In Anwendung dieser Grundsätze ist das Berufungsgericht im Ergebnis zu Recht davon ausgegangen, dass der Erteilung eines Aufenthaltstitels - im für die Beurteilung der Sach- und Rechtslage maßgeblichen Zeitpunkt seiner Entscheidung - die Titelerteilungssperre des § 10 Abs. 3 Satz 2 AufenthG entgegenstand. Denn nach den Feststellungen des Berufungsgerichts lag wegen der vom Kläger begangenen Straftaten ein Ausweisungsgrund vor. Damit erfüllte der Kläger nicht die regelhafte Tatbestandsvoraussetzung des § 5 Abs. 1 Nr. 2 AufenthG, ohne dass es darauf ankam, ob wegen seiner familiären Bindungen und des geringen Gewichts der von ihm begangenen Straftaten ein atypischer Fall anzunehmen war. Von dieser Regelerteilungsvoraussetzung kann bei der vom Kläger primär begehrten Aufenthaltserlaubnis nach § 28 Abs. 1 Nr. 3 AufenthG zwar im Ermessenswege abgesehen werden (§ 27 Abs. 3 Satz 2 AufenthG). Gleiches gilt für die vom Kläger hilfsweise begehrte Aufenthaltserlaubnis nach § 25 Abs. 5 AufenthG (§ 5 Abs. 3 Satz 2 AufenthG). Auch ein Anspruch aufgrund einer Ermessensvorschrift genügt nach der Rechtsprechung des Bundesverwaltungsgerichts aber - selbst im Falle einer Ermessensreduktion auf Null - nicht für eine Durchbrechung der Titelerteilungssperre des § 10 Abs. 3 Satz 2 AufenthG (Urteil vom 16. Dezember 2008 a.a.O. Rn. 21).

5

b) Aus dem Vorbringen der Beschwerde ergab sich auch keine grundsätzliche Bedeutung der Rechtssache (§ 132 Abs. 2 Nr. 1 VwGO).
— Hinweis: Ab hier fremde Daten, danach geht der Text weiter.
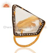 Natural Clear Quartz Crystal Prong Setting Pendant Necklace - Gold Plated Silver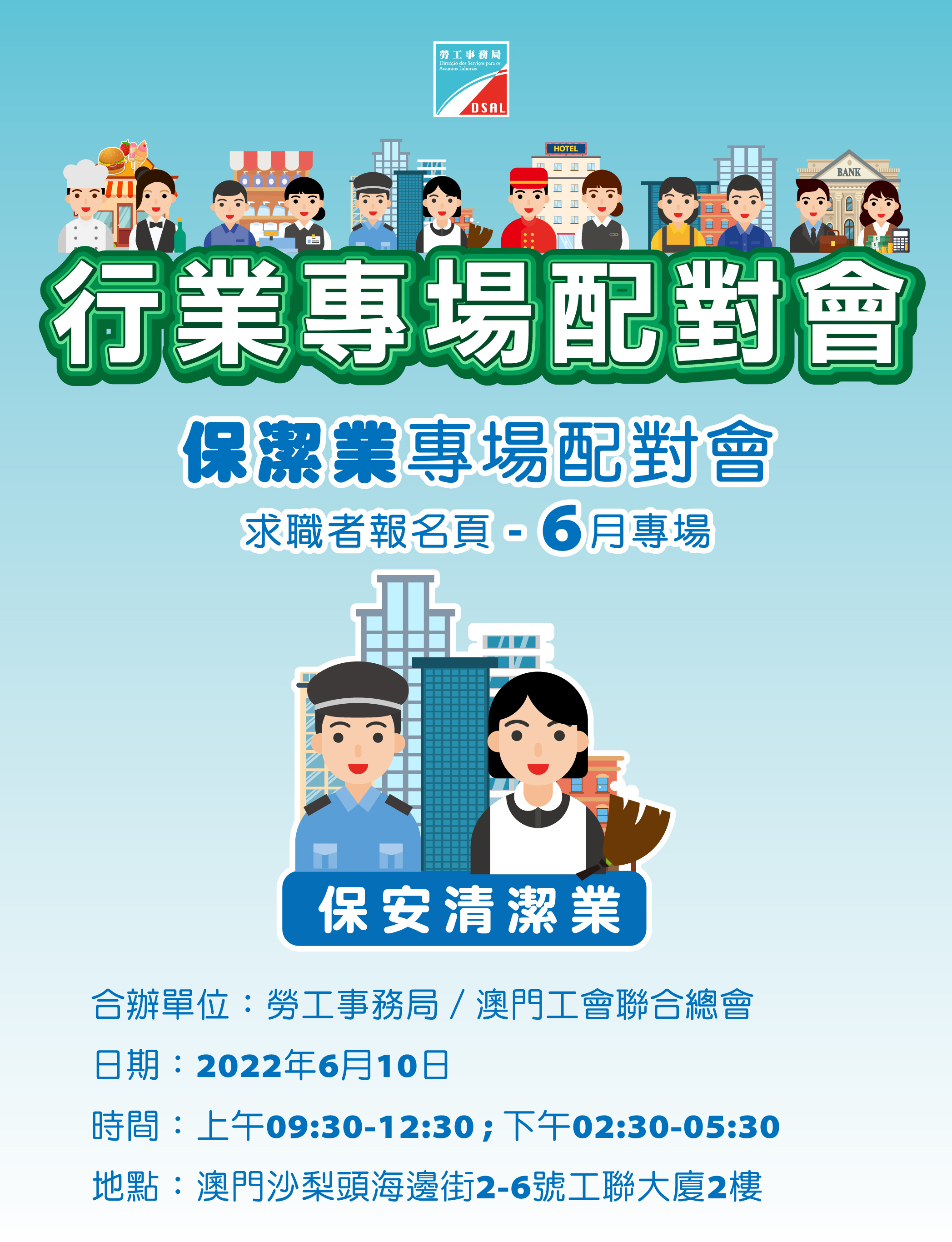 保潔業配對會定於6月10日在澳門工會聯合總會(澳門沙梨頭海邊街2-6號工聯大廈二樓)舉行,配對會分上下午兩場,招聘保安員及清潔員職位,共提供超過100個職位空缺。勞工局和工聯將透過恆常方式聯繫尋找相關工作的求職者報名參加是次配對會,同時歡迎有意從事保潔業的本澳居民報名參與,報名期由即日起至6月9日中午12時止,名額有限,額滿即止。其餘配對會將於稍後時間陸續開始接受報名,請留意勞工局最新訊息。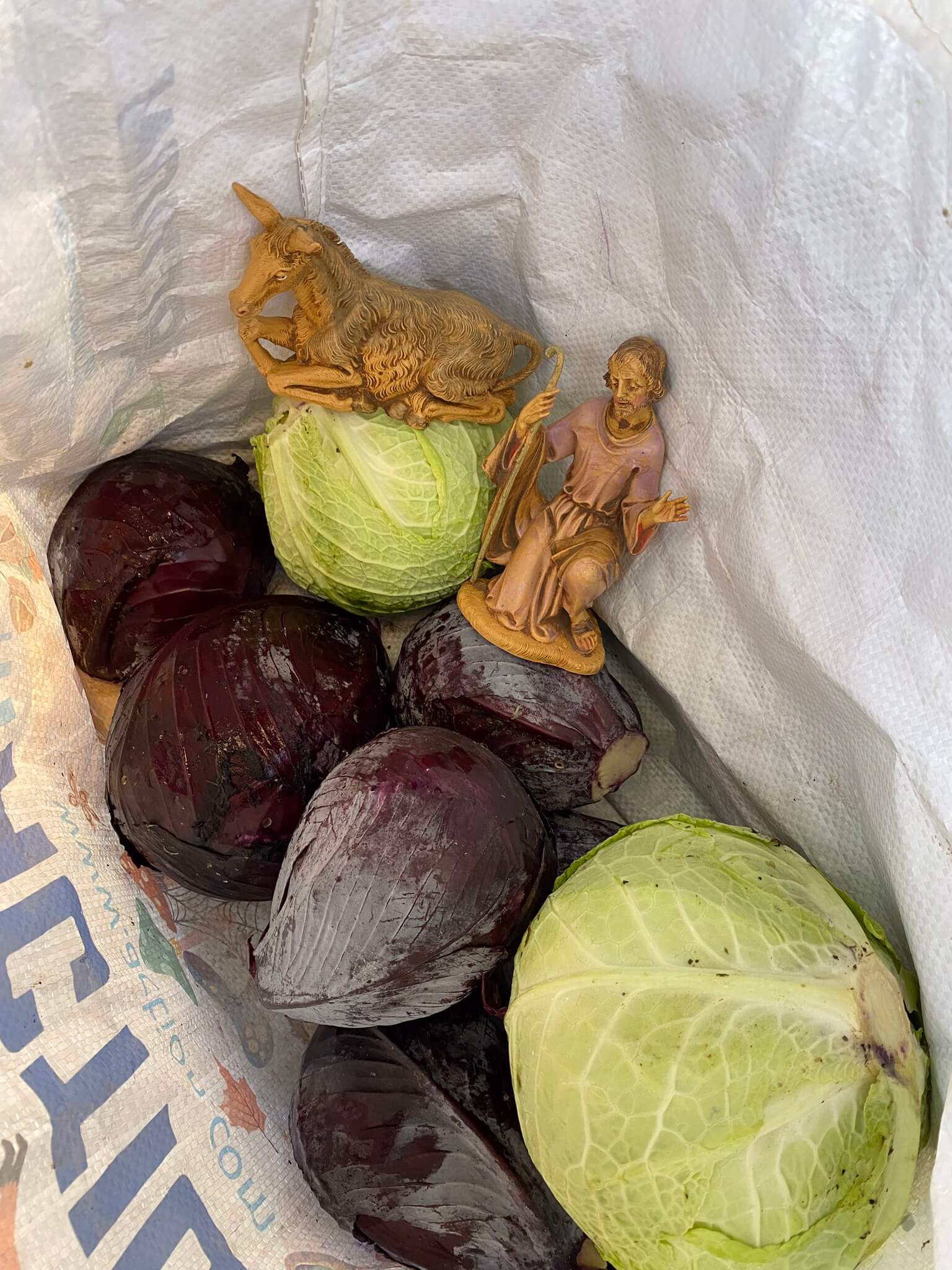 Anschließend ruhten wir uns ein wenig bei unserer Gastfamilie aus, um neue Kraft zu sammeln. Die war auch nötig, denn nachmittags ging es auf ein Selbsterntefeld, um den letzten Rotkohl zu ernten. Ich habe mich bei der Arbeit ein wenig zurück gehalten, aber Josef hat kräftig mitgeerntet.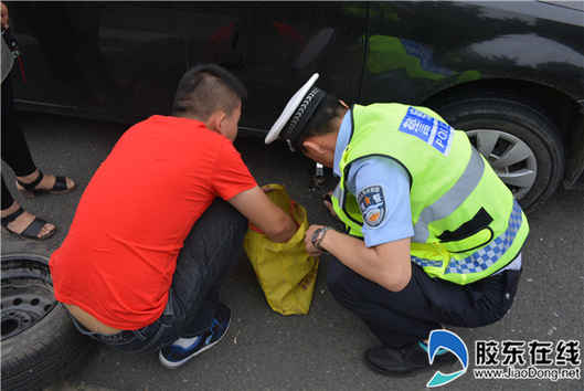 這時,正在路面進行巡邏的大隊民警正好駕車經過,看到停在路邊的車子,迅速上前詢問,得知兩人從青島來煙臺旅游,沒想到行駛途中車輛突然爆胎,而他們隨車并未攜帶換胎工具。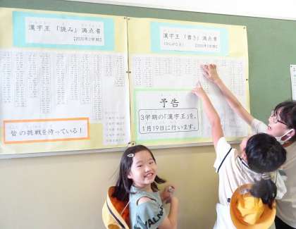 9月に実施した「漢字王(ひらがな王)」の結果(満点者一覧)が掲示されました。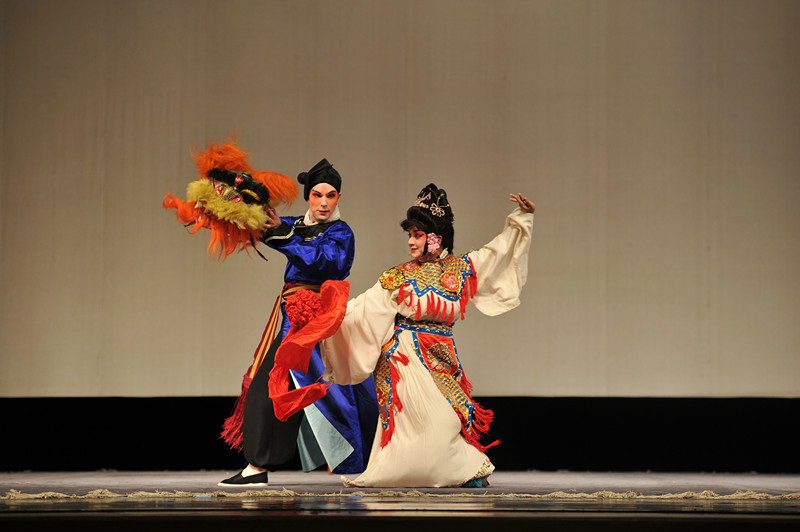 学生的努力总需要一个展示的窗口,学生们挥洒的汗水在汇报演出的舞台上变成了一颗颗的珍珠,落在地上,铮铮有声。一些学生的表演,细细看来尽还有着一些专业的味道,上下翻飞的云手,起起伏伏的唱腔,不仅给观众留下了深刻的印象,对于他们自己来说,也是一次不可磨灭的记忆,记忆中有苦,有累,有酸,有甜,也有沉甸甸的发簪和舞台上的灯光交织出的光华。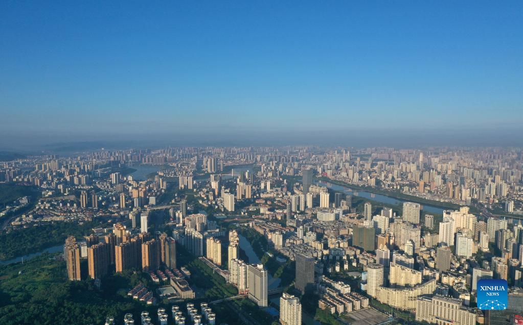 Aerial photo taken on Sept. 28, 2021 shows an early morning view of Nanning, capital of south China's Guangxi Zhuang Autonomous Region. (Xinhua/Huang Xiaobang)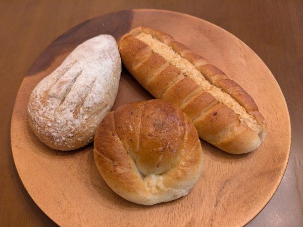 右から時計回りに「ピーナッツコッペ180円」、「オリーブオイルの塩パン160円」、「クリームチーズと無花果のカンパーニュ350円」。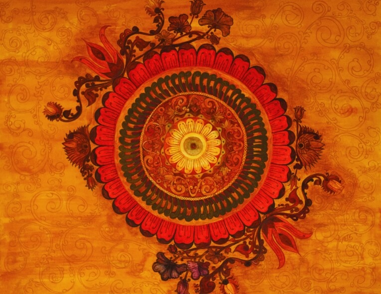 a sensitive reworking of traditional motifs and designs, using the media as used by local artists for centuries.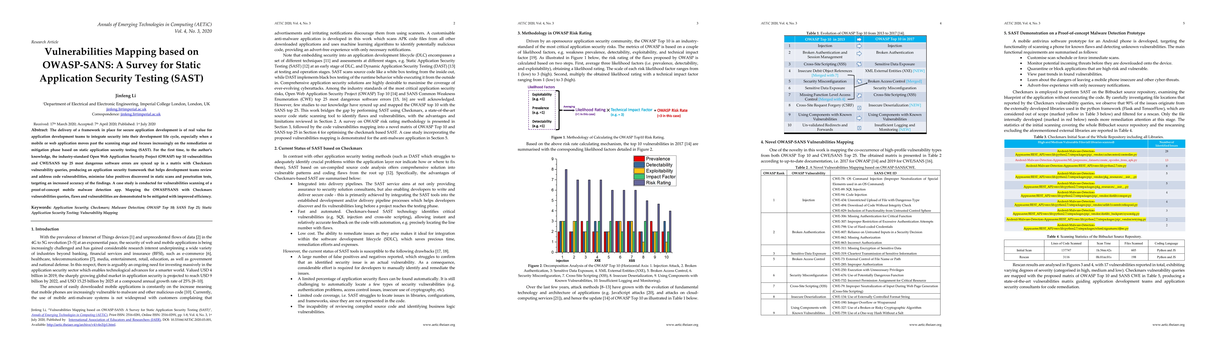 This paper presents a framework integrating OWASP and SANS top vulnerabilities with Checkmarx queries to enhance static application security testing (SAST). A case study on a mobile malware detection app shows improved efficiency and accuracy in vulnerability mitigation.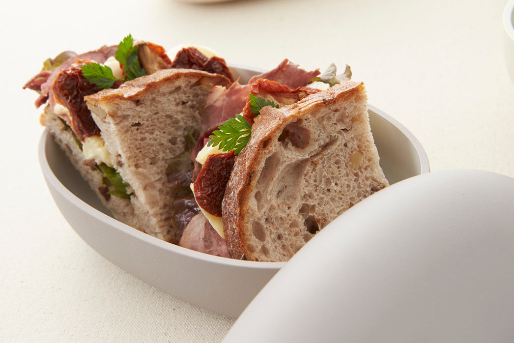Our petite, rounded-style lunch box is ideal for snacks, sandwiches, or fruits. Its round bottom facilitates easy cleaning, and the dome-shaped inner lid is perfect for serving multiple meals. With a powder-coated lacquer, its unique texture adds a touch of luxury.

Eine Rechtssache hat nur dann grundsätzliche Bedeutung, wenn sie eine abstrakte, in dem zu entscheidenden Fall erhebliche Frage des revisiblen Rechts mit einer über den Einzelfall hinausgehenden allgemeinen Bedeutung aufwirft, die im Interesse der Einheitlichkeit der Rechtsprechung oder im Interesse der Rechtsfortbildung in einem Revisionsverfahren geklärt werden muss.

6

Die Beschwerde sah als klärungsbedürftig an, ob es an einem strikten Rechtsanspruch im Sinne des § 10 Abs. 3 Satz 3 AufenthG fehlt, wenn die Erteilung des Aufenthaltstitels von der Prüfung abhängt, ob ein atypischer Fall vorliegt, der eine Ausnahme von der Regelerteilungsvoraussetzung des § 5 Abs. 1 AufenthG begründet. Diese Frage ist in der Rechtsprechung des Bundesverwaltungsgerichts bereits geklärt. Insoweit wird auf die vorstehenden Ausführungen verwiesen. Einen weitergehenden Klärungsbedarf legte die Beschwerde nicht dar. Er ergab sich auch nicht aus den von der Beschwerde angeführten Entscheidungen anderer Obergerichte. Selbst wenn diese nicht in vollem Umfang mit der Rechtsprechung des Bundesverwaltungsgerichts im Einklang stehen sollten, begründete dies im vorliegenden Verfahren weder eine Divergenz noch eine grundsätzliche Bedeutung im Sinne des § 132 Abs. 2 VwGO.

7

2. Das Verfahren ist in der Hauptsache durch die übereinstimmenden Erledigungserklärungen der Beteiligten erledigt. Es ist daher in entsprechender Anwendung des § 92 Abs. 3 VwGO i.V.m. § 125 Abs. 1, § 141 Satz 1 VwGO einzustellen. Die Entscheidungen der Vorinstanzen sind wirkungslos (§ 173 Satz 1 VwGO i.V.m. einer entsprechenden Anwendung des § 269 Abs. 3 Satz 1 ZPO). Über die Kosten des Verfahrens ist gemäß § 161 Abs. 2 VwGO unter Berücksichtigung des bisherigen Sach- und Streitstands nach billigem Ermessen zu entscheiden. Im Hinblick auf die oben dargelegten fehlenden Erfolgsaussichten der Rechtsverfolgung des Klägers und den Umstand, dass die zwischenzeitliche Erteilung einer Aufenthaltserlaubnis durch die Beklagte auf einer Änderung der Sachlage beruht, nämlich der nach der Entscheidung des Berufungsgerichts eingetretenen Tilgungsreife der im Bundeszentralregister eingetragenen Verurteilungen und dem damit einhergehenden Verwertungsverbot, entspricht es billigem Ermessen, dem Kläger die Kosten des Verfahrens in allen Instanzen aufzuerlegen.

8

Die Streitwertfestsetzung folgt aus § 47 Abs. 1 und 3 i.V.m. § 52 Abs. 2 GKG.

Eckertz-Höfer

Dr. Maidowski

Fricke

Hinweis: Das Dokument wurde redaktionell aufgearbeitet und unterliegt in dieser Form einem besonderen urheberrechtlichen Schutz. Eine Nutzung über die Vertragsbedingungen der Nutzungsvereinbarung hinaus - insbesondere eine gewerbliche Weiterverarbeitung außerhalb der Grenzen der Vertragsbedingungen - ist nicht gestattet.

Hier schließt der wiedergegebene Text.